Затем я получаю указание Директора поехать в Брюссель и встретиться с Ефремовым. Указывалось место, время встречи. Понятно, что я туда не поехал, но направил туда наших людей. Увидели, как пришел Ефремов, окруженный «ангелами» гестапо. Между прочим, это было очень хорошим козырем после моего ареста, когда я разрушил несколько их самоуверенность, что они так ввели в заблуждение Директора. Они сказали мне — мы же сильнее вас у Директора. Ефремову верят. А я спрашиваю — почему же вы так уверены? В передачах, которые идут от его имени. Ну, в таком случае напомню вам другое — Директор прислал вам сообщение, что я должен встретиться с Ефремовым в Бельгии. Так? — Да, верно. — А почему я не приехал? Может быть, Директор специально отправил вам эту шифровку, чтобы ввести в заблуждение. — Мне очень нужно было поколебать их уверенность.
Вернемся к Роше. Его утверждения — гнусная ложь. За Францию я несу ответственность только с июля 40-го года. В ноябре 42-го г. произошел мой арест. Я несу ответственность за все, что было до моего побега 13 сентября 43 г. Несу ответственность за все, что произошло после моего побега, за действия, которые я предпринимал. Это были уже скорее действия контрразведки, чтобы не допустить дальнейших арестов и выяснять, что они делают. Это было до освобождения Парижа. Ни в чем здесь не было с моей стороны деятельности, направленной против Франции. Надо еще принять во внимание, что Франция была страной оккупированной, и наша борьба была органичной частью совместных действий с движением Сопротивления. Мы действовали как разведывательная группа, связанная с Генштабом Красной Армии, действовали для Советского Союза и тем самым во имя интересов победы антинацистской коалиции.

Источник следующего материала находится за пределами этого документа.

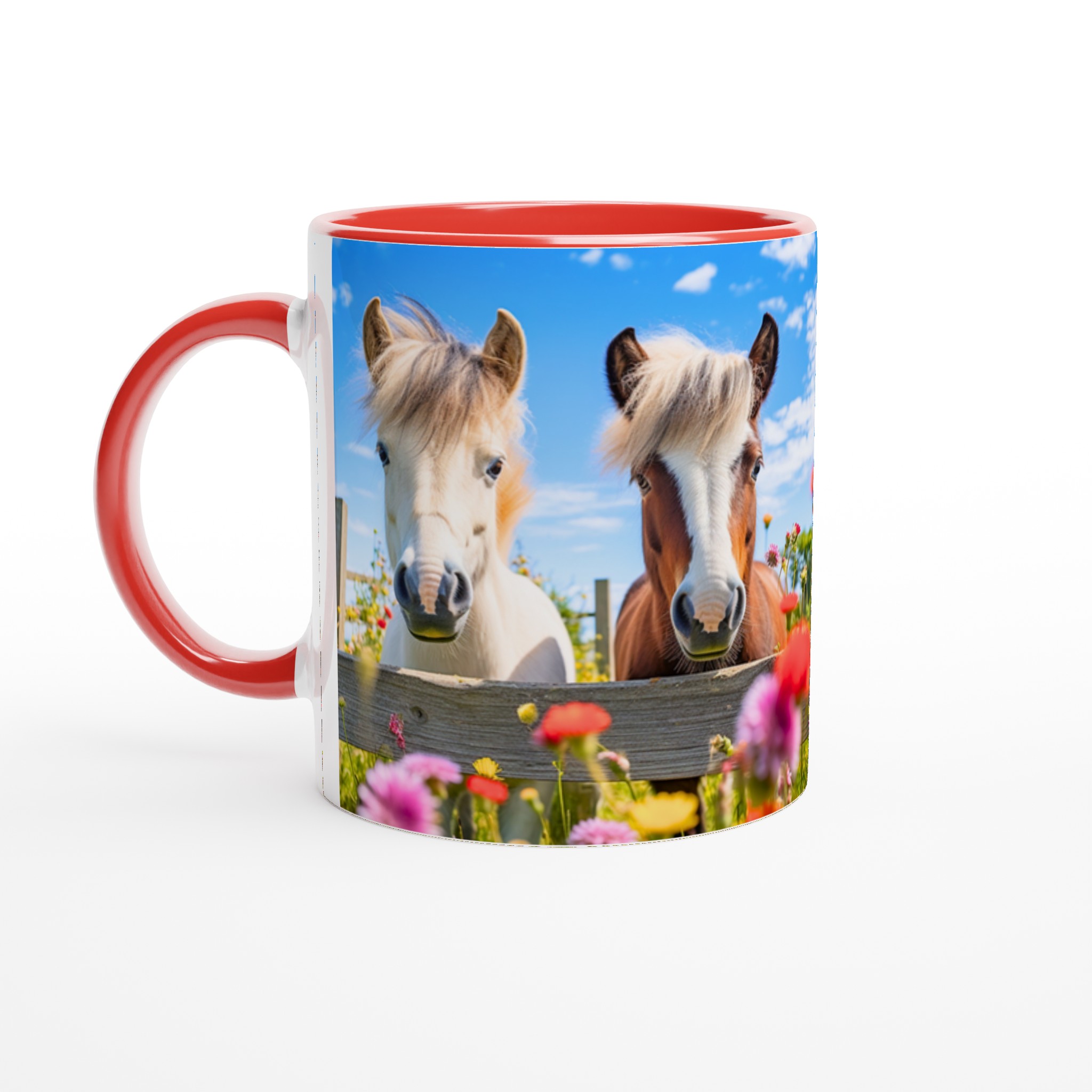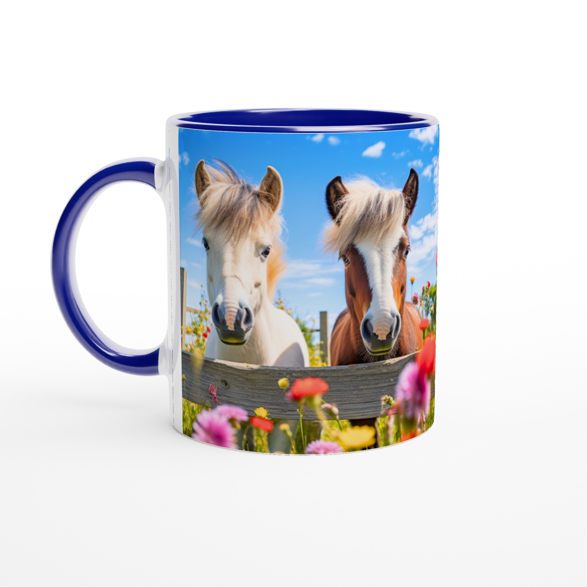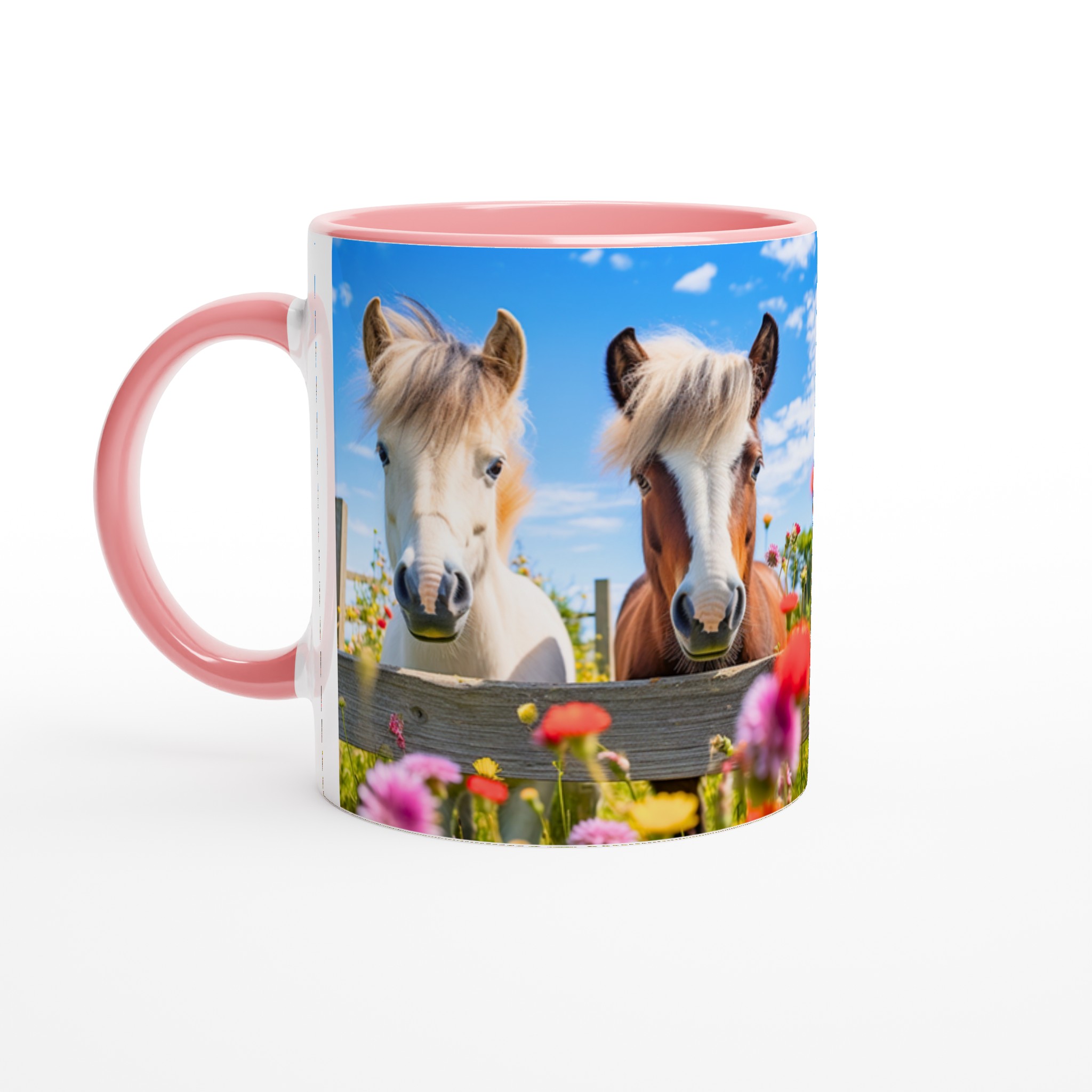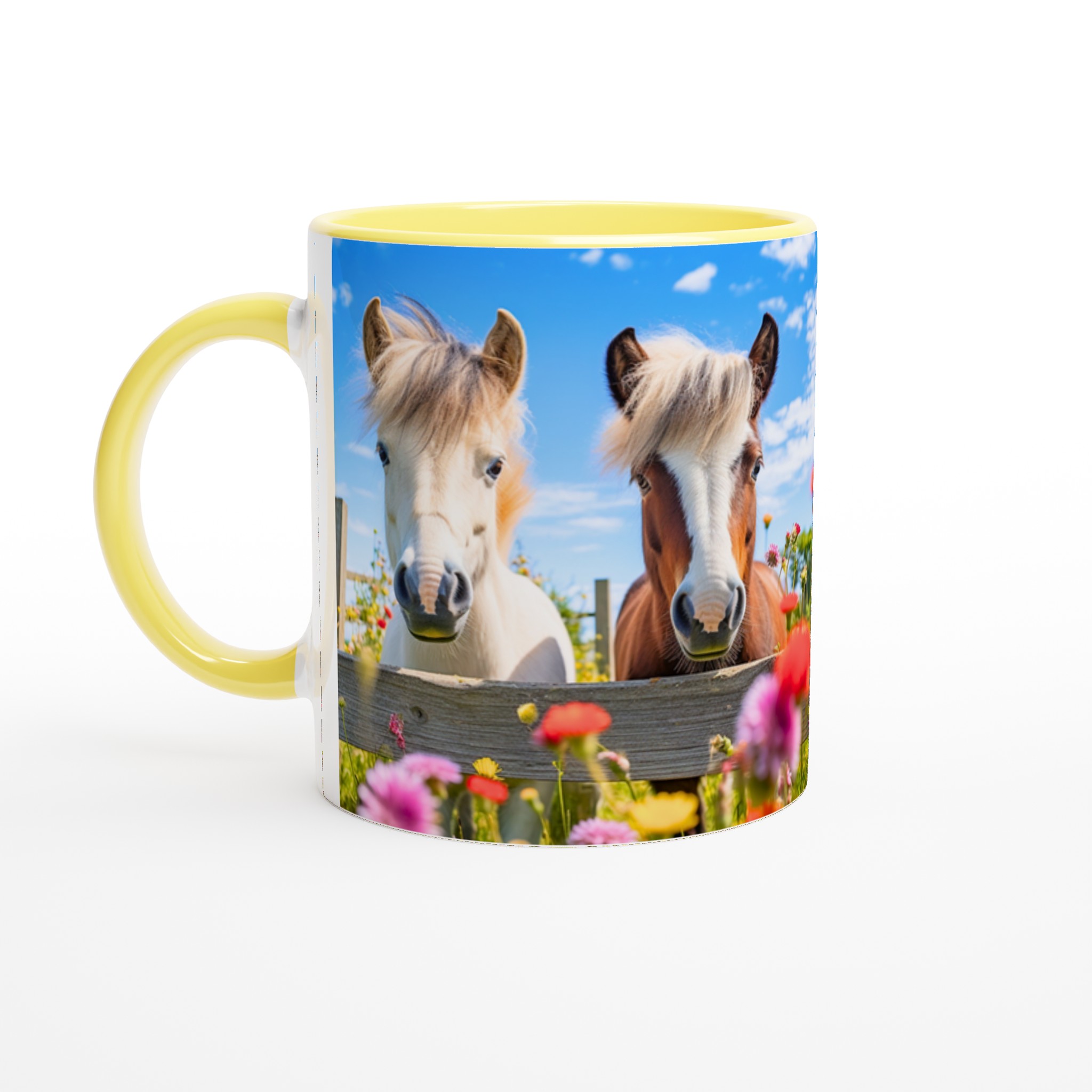 Ta en paus från vardagen och dröm dig bort till soliga ängar med denna charmiga keramiska mugg. Bilden på de nyfikna ponnyerna omgivna av blommande fält under en klarblå himmel skapar en känsla av lugn och glädje, perfekt att bära med sig in i varje fikastund.

Теперь о том, что Хёне говорит в своей книге.
Здесь автор повторяет самые страшные обвинения в измене и предательстве руководителей берлинской группы. Конкретно — Шульце-Бойзена, Кумерова, Адама Кукхофа, Арвида Харнака. Версия такова: так как первыми были арестованы Бойзен, Харнак и Кукхоф, то все дальнейшие аресты произошли из-за них. Якобы они изменили и раскрыли остальных. Все это ложь. По-моему, очень точные анализы, разработки всех материалов к тому моменту, когда начались первые аресты руководителей, нити от зондеркоманды уже вели к шестидесяти примерно членам Красного оркестра. Кроме того, хочу привести вам очень интересный разговор, который я имел с Гирингом. Было это в то время, когда он был уверен, что я сотрудничаю с немцами в Большой игре. Мы что-то говорили о Берлине. Я делал вид, что вообще ничего не знаю, и спросил — сколько человек вы арестовали?
Тот ответил:
118.
Я начал смеяться и говорю:
— Вы, господин Гиринг, такой крупный специалист и верите, что поймали 118 шпионов?

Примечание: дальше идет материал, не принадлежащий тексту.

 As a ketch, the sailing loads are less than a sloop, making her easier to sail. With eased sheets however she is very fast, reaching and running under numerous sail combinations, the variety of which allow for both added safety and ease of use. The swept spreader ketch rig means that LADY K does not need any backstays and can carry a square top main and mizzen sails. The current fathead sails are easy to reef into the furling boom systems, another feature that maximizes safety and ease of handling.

— Что вы, что вы, не считайте меня дураком. Если там есть 10—15, этого много.
— Зачем же вы арестовали 118?
— Разве вы не знаете, как это делается? Часть раскрыли и подозревали, остальных взяли из круга знакомых, т. к. мы уже следили за ними. Взяли всех. Для дураков это приятно, что так много. Но мы же прекрасно знаем, что дело не в количестве. Были там какие-то люди — антинацисты, которые занимались пропагандой, но разведчиков среди них было немного.
Так что все это подтвердил Гиринг.
Хочу только подчеркнуть, что те обвинения, которые вновь поднялись, имеют свою подоплеку. Как так, говорят, вот вы, Советский Союз, в двадцатилетие ГДР награждаете самыми почетными орденами людей, поднимаете их как героев, а мы утверждаем, что они предатели. Эти дураки забывают одно. На протяжении более десяти лет в руках органов в Советском Союзе находился один из главных руководителей зондеркоманды, не только парижской, но берлинской. Это Фридрих Панцингер.
Там же находился и Паннвиц. Так что все было давно уже известно.